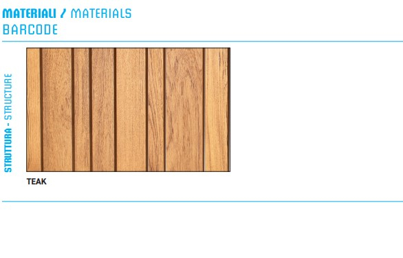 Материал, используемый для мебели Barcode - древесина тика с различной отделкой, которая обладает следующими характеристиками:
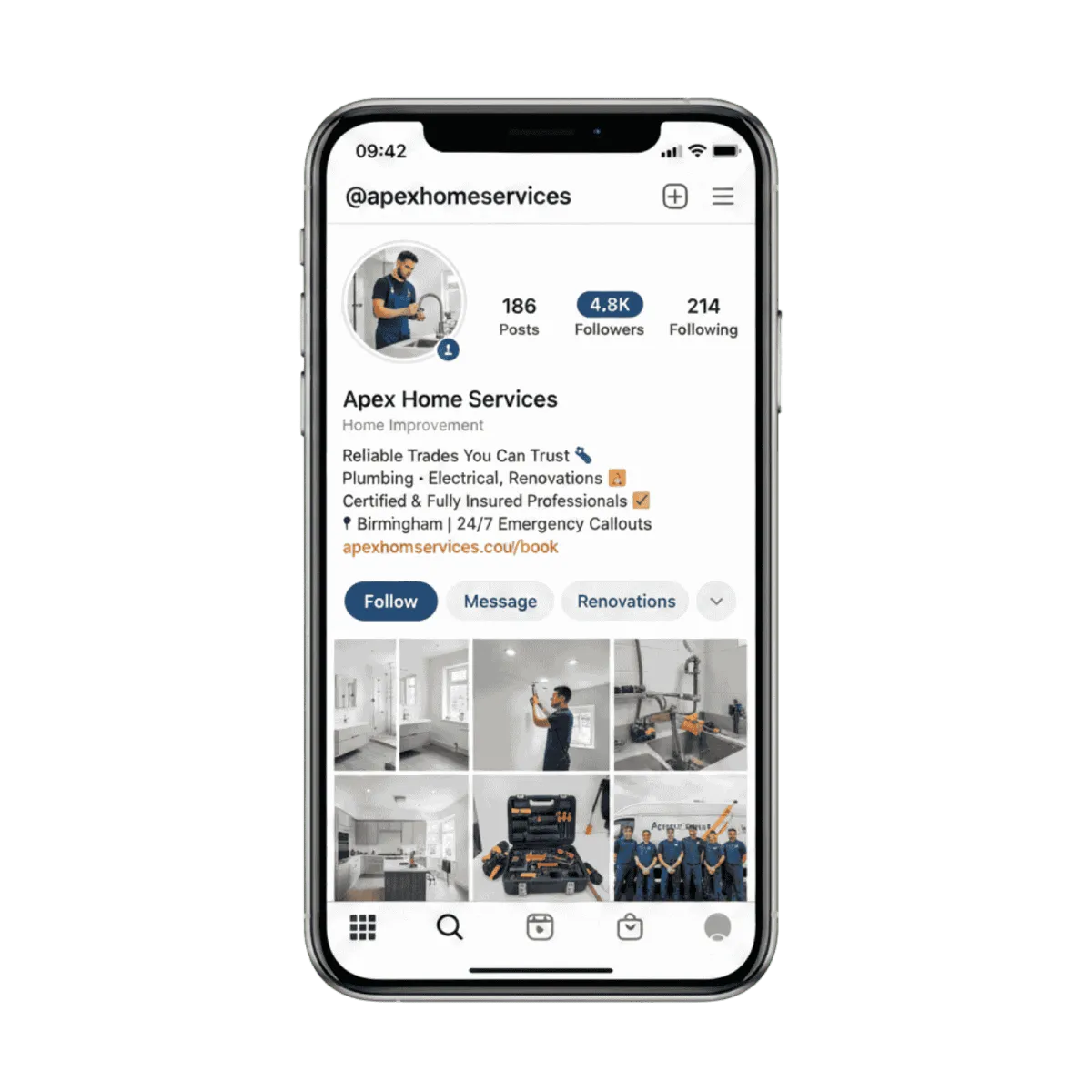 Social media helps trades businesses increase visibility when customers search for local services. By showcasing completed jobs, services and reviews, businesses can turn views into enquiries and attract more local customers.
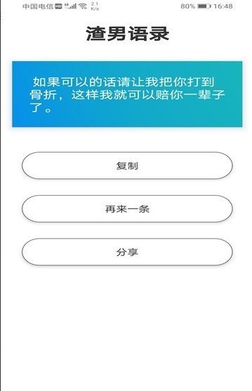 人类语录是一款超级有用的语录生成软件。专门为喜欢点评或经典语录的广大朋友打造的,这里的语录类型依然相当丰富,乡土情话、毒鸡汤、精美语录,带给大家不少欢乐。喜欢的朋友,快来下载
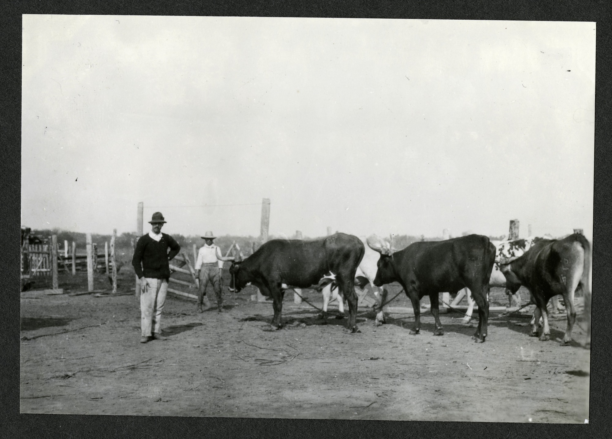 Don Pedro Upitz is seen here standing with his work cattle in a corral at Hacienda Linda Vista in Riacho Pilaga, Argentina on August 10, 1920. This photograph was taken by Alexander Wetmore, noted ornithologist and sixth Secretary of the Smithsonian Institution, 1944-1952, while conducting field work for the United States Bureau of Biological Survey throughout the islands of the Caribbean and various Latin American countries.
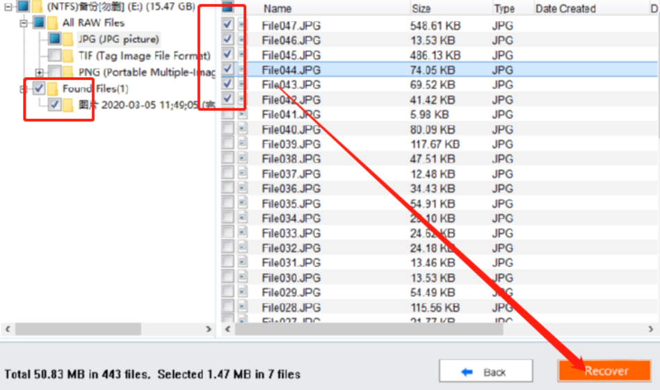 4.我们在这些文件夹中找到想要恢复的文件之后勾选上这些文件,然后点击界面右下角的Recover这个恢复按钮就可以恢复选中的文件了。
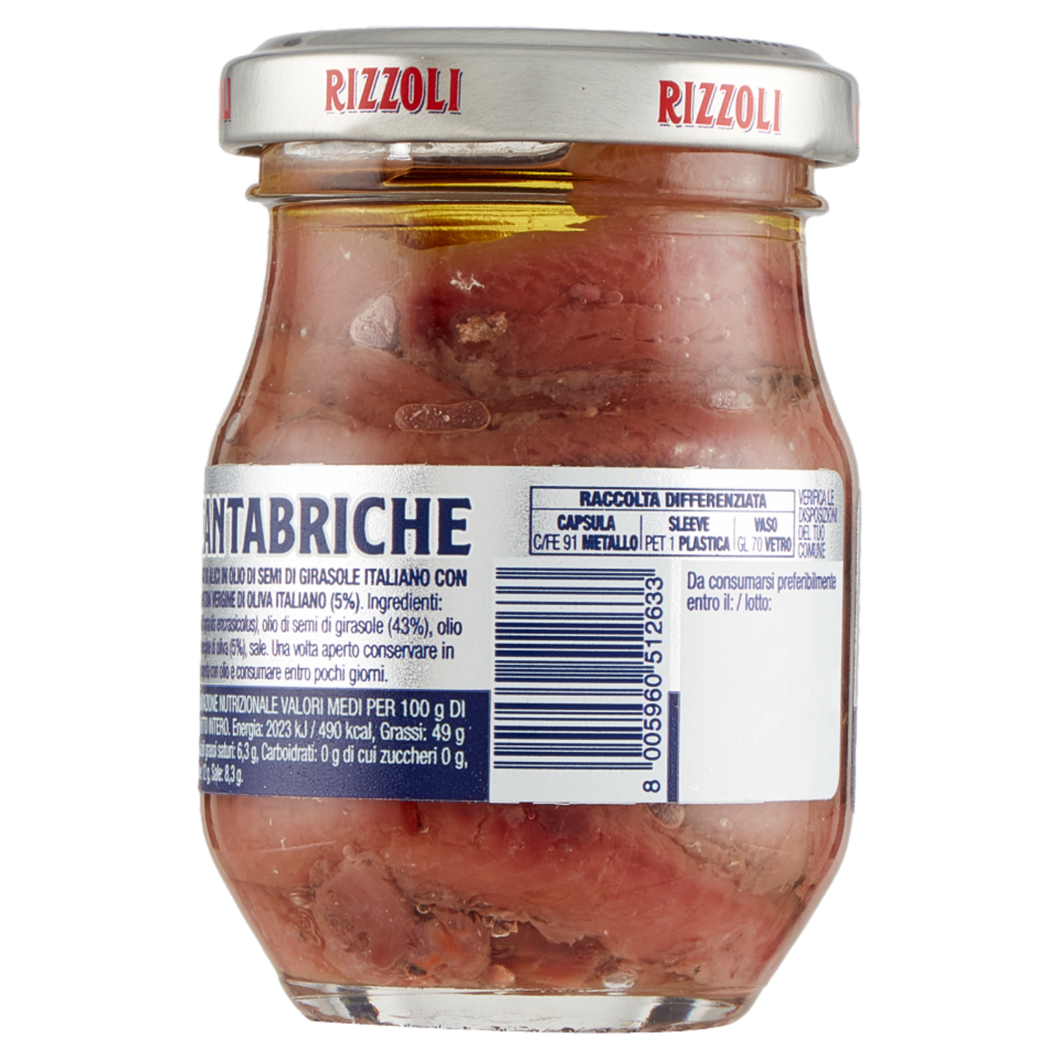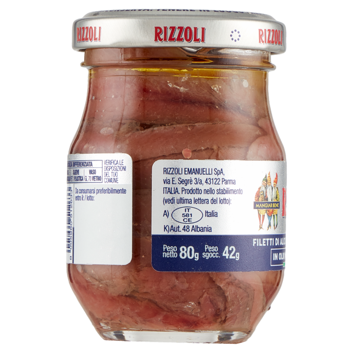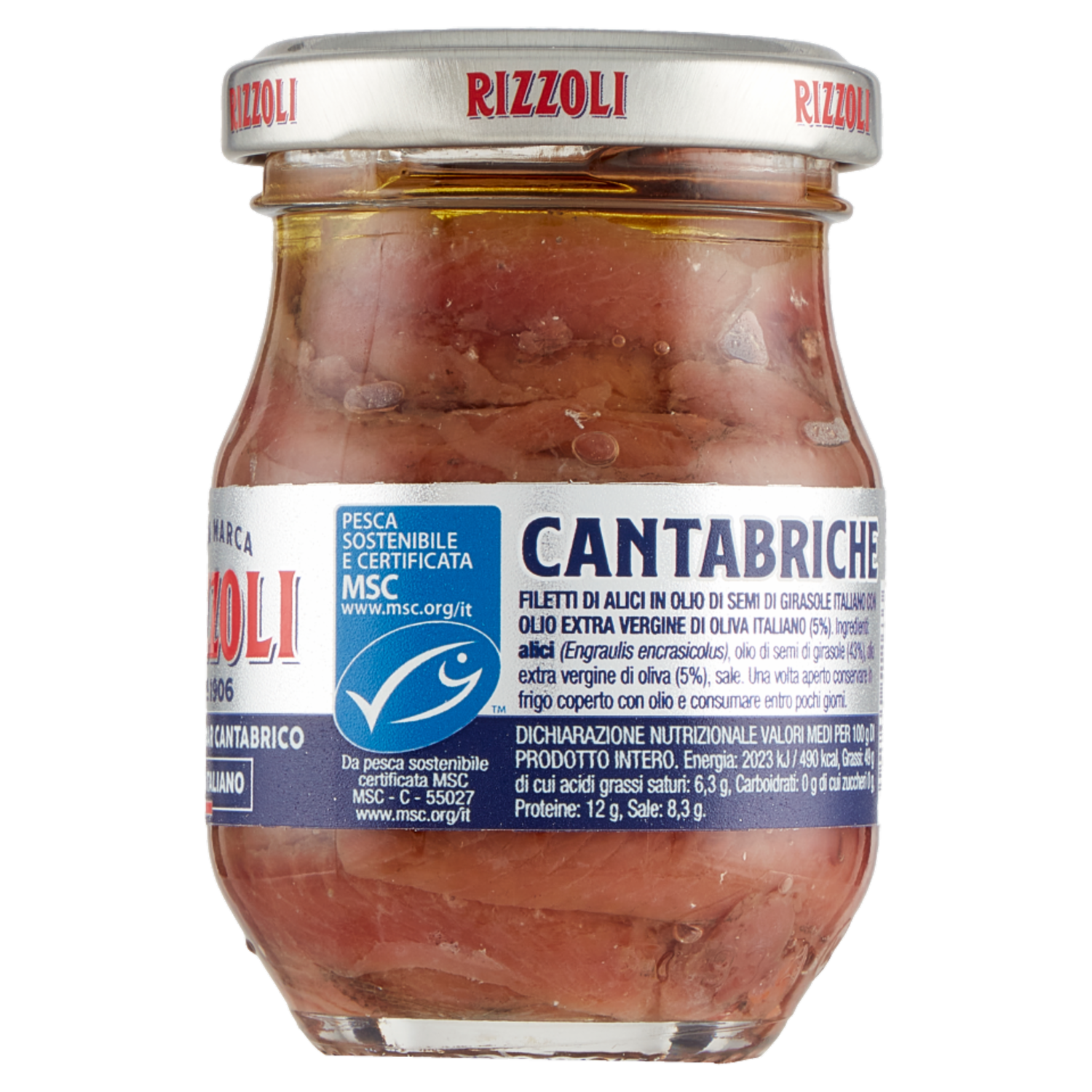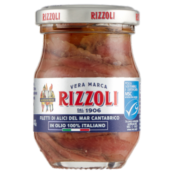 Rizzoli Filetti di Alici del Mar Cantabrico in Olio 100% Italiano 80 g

...

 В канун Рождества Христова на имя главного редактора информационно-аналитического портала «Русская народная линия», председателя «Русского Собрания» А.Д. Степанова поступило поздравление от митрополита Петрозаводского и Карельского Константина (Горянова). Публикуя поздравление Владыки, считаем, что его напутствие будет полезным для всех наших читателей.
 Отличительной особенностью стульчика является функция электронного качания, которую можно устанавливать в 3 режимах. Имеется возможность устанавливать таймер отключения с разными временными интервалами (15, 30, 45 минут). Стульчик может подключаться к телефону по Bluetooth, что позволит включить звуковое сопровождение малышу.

### What to work on
Would you copy the lines above exactly, starting with the one that has "Материал, используемый для" and ending with the one that has "Rizzoli Filetti di", both included, without the pictures?

### Exercise solution
 Материал, используемый для мебели Barcode - древесина тика с различной отделкой, которая обладает следующими характеристиками:
 Social media helps trades businesses increase visibility when customers search for local services. By showcasing completed jobs, services and reviews, businesses can turn views into enquiries and attract more local customers.
 人类语录是一款超级有用的语录生成软件。专门为喜欢点评或经典语录的广大朋友打造的,这里的语录类型依然相当丰富,乡土情话、毒鸡汤、精美语录,带给大家不少欢乐。喜欢的朋友,快来下载
 Don Pedro Upitz is seen here standing with his work cattle in a corral at Hacienda Linda Vista in Riacho Pilaga, Argentina on August 10, 1920. This photograph was taken by Alexander Wetmore, noted ornithologist and sixth Secretary of the Smithsonian Institution, 1944-1952, while conducting field work for the United States Bureau of Biological Survey throughout the islands of the Caribbean and various Latin American countries.
 4.我们在这些文件夹中找到想要恢复的文件之后勾选上这些文件,然后点击界面右下角的Recover这个恢复按钮就可以恢复选中的文件了。
 Rizzoli Filetti di Alici del Mar Cantabrico in Olio 100% Italiano 80 g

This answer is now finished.